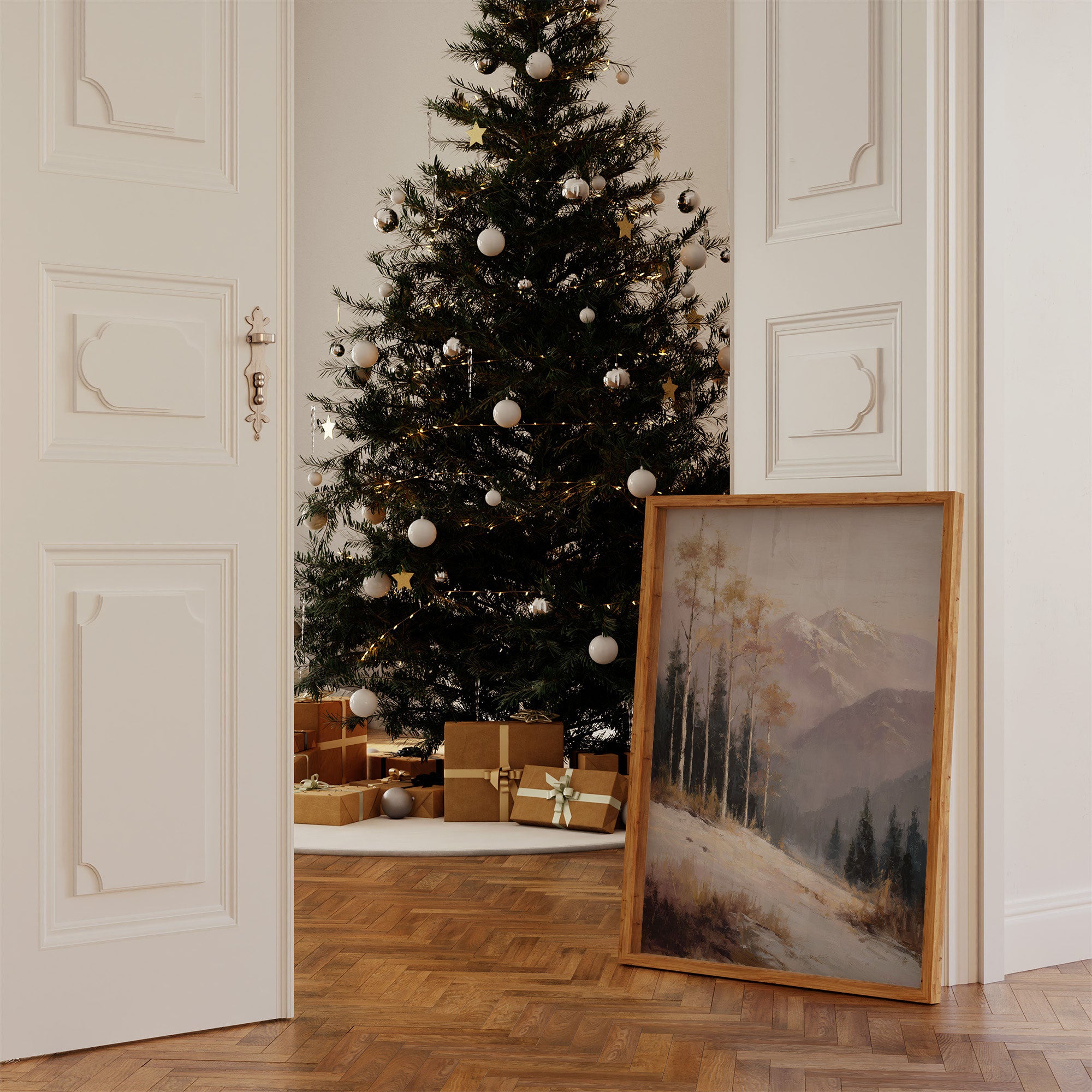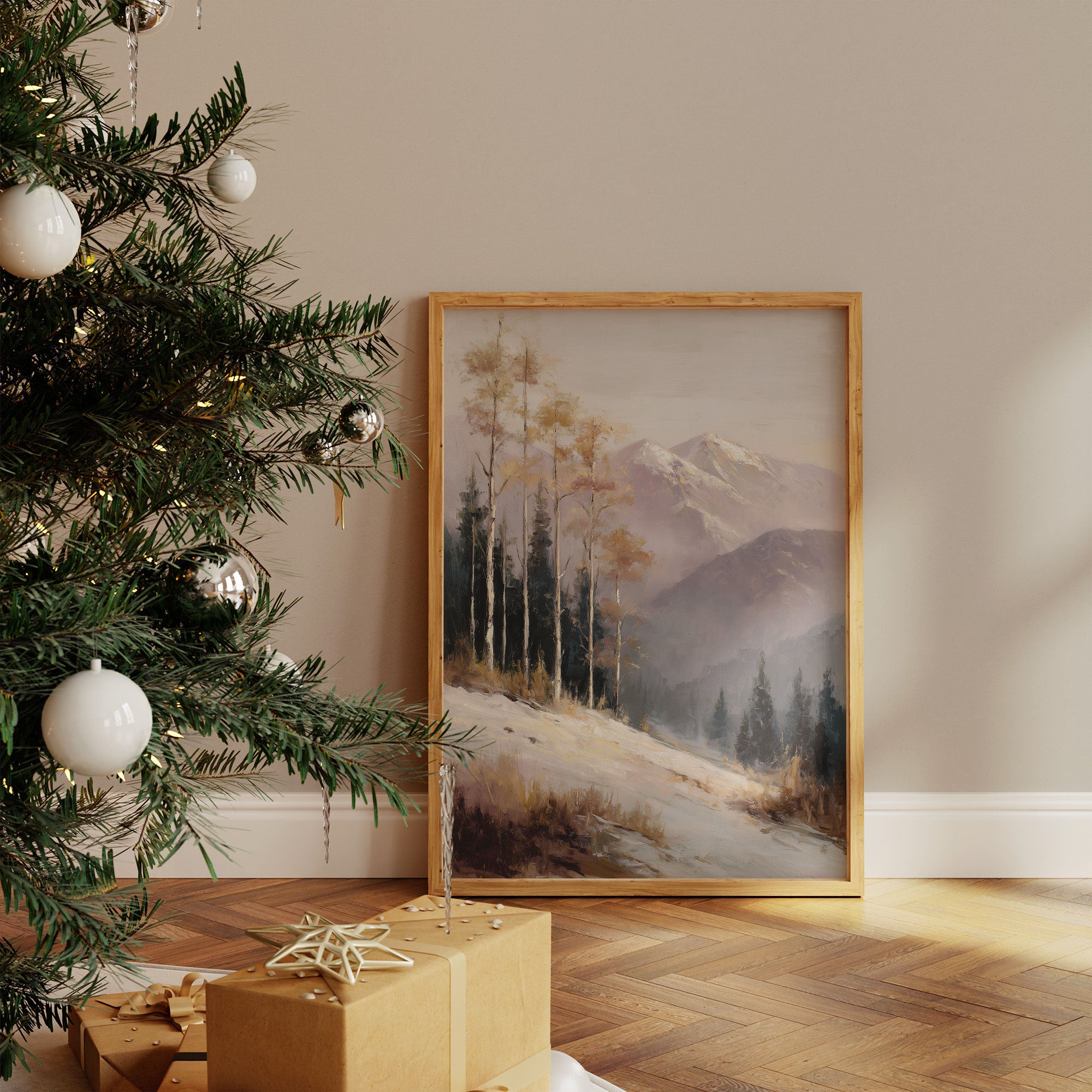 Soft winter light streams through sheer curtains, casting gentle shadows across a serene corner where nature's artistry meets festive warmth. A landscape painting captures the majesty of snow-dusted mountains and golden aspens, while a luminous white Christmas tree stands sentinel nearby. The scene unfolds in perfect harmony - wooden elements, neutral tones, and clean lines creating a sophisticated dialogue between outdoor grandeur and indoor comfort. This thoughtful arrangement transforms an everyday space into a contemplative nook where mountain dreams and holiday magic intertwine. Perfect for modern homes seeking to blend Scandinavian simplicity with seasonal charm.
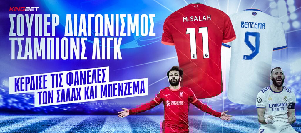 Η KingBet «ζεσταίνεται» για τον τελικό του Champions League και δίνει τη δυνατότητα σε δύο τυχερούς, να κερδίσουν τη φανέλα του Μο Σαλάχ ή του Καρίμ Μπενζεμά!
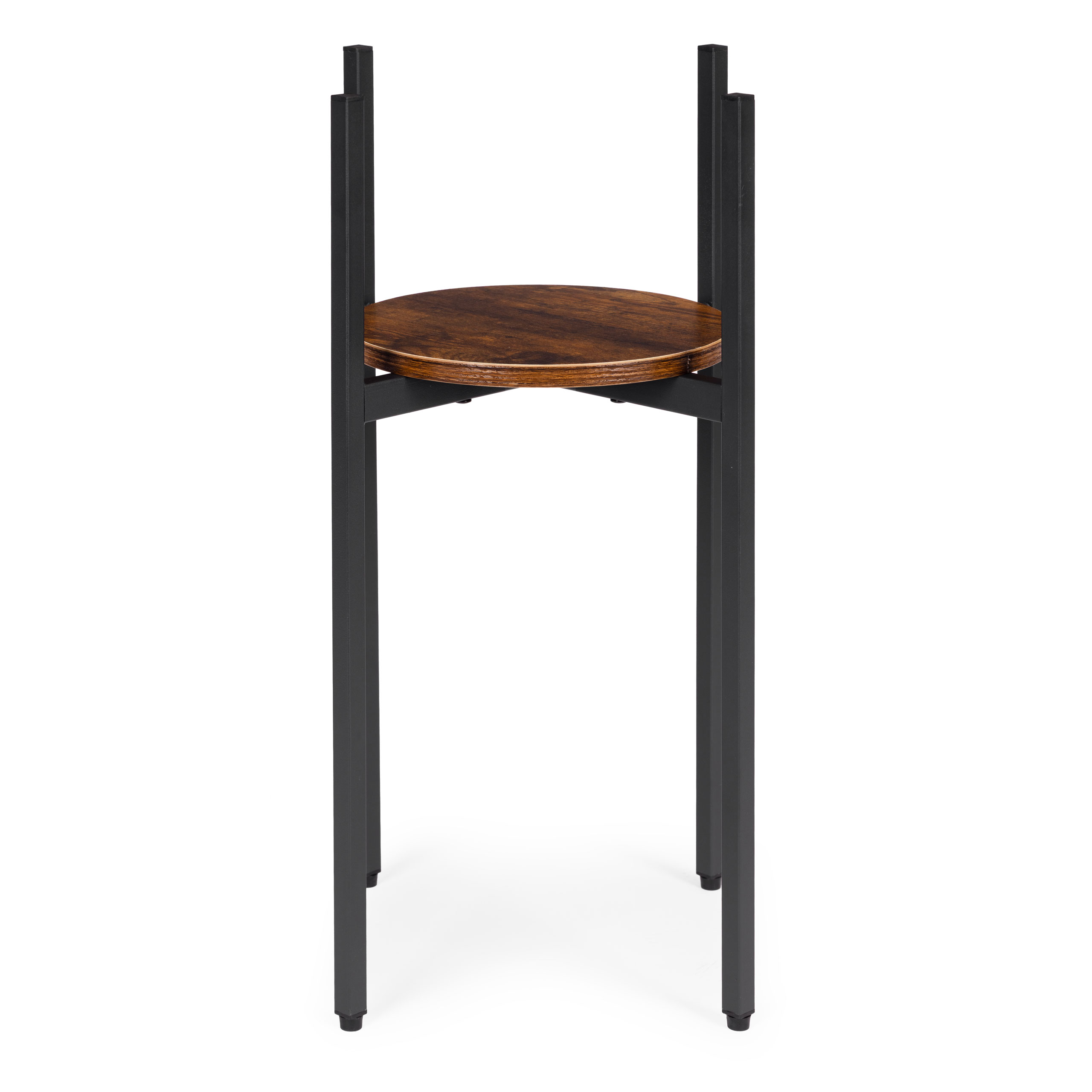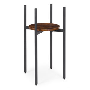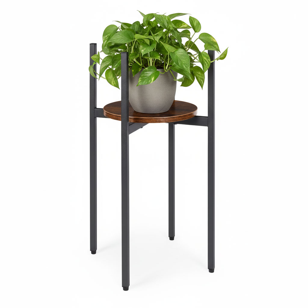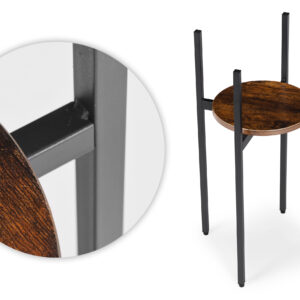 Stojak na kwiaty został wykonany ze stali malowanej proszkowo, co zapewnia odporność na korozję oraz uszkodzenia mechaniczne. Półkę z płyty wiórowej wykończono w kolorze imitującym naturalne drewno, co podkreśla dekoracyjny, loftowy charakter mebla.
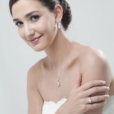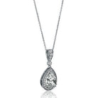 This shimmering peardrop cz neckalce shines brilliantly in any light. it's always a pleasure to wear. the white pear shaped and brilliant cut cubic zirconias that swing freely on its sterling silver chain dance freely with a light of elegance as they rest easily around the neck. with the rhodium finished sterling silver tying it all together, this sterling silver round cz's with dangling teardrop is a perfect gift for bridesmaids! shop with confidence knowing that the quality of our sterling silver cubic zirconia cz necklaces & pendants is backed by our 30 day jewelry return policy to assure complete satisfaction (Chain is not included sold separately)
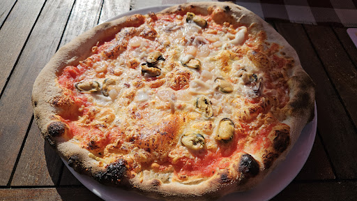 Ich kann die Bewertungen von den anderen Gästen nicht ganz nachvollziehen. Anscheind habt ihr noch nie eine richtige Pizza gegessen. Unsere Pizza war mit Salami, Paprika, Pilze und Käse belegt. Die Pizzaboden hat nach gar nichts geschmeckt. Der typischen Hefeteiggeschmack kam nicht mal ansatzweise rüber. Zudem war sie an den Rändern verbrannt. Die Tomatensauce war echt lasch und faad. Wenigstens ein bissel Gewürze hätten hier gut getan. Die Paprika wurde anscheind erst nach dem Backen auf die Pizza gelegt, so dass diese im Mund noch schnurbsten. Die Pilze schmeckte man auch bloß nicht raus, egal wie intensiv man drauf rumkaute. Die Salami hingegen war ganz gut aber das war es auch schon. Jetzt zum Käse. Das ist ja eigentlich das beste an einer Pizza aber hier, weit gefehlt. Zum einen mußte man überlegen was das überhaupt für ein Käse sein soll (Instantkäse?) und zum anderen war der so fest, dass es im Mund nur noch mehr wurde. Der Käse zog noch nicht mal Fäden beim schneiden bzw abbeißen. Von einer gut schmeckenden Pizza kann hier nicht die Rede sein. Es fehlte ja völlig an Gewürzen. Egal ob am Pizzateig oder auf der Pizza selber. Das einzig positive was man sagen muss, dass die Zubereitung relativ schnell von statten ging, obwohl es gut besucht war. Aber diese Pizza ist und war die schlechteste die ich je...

++++

Exercise prompt: Exact lines only, please. Repeat everything from the top of the records through the line containing "Stojak na kwiaty", both ends in and pictures out.

Answer space:
 Soft winter light streams through sheer curtains, casting gentle shadows across a serene corner where nature's artistry meets festive warmth. A landscape painting captures the majesty of snow-dusted mountains and golden aspens, while a luminous white Christmas tree stands sentinel nearby. The scene unfolds in perfect harmony - wooden elements, neutral tones, and clean lines creating a sophisticated dialogue between outdoor grandeur and indoor comfort. This thoughtful arrangement transforms an everyday space into a contemplative nook where mountain dreams and holiday magic intertwine. Perfect for modern homes seeking to blend Scandinavian simplicity with seasonal charm.
 Η KingBet «ζεσταίνεται» για τον τελικό του Champions League και δίνει τη δυνατότητα σε δύο τυχερούς, να κερδίσουν τη φανέλα του Μο Σαλάχ ή του Καρίμ Μπενζεμά!
 Stojak na kwiaty został wykonany ze stali malowanej proszkowo, co zapewnia odporność na korozję oraz uszkodzenia mechaniczne. Półkę z płyty wiórowej wykończono w kolorze imitującym naturalne drewno, co podkreśla dekoracyjny, loftowy charakter mebla.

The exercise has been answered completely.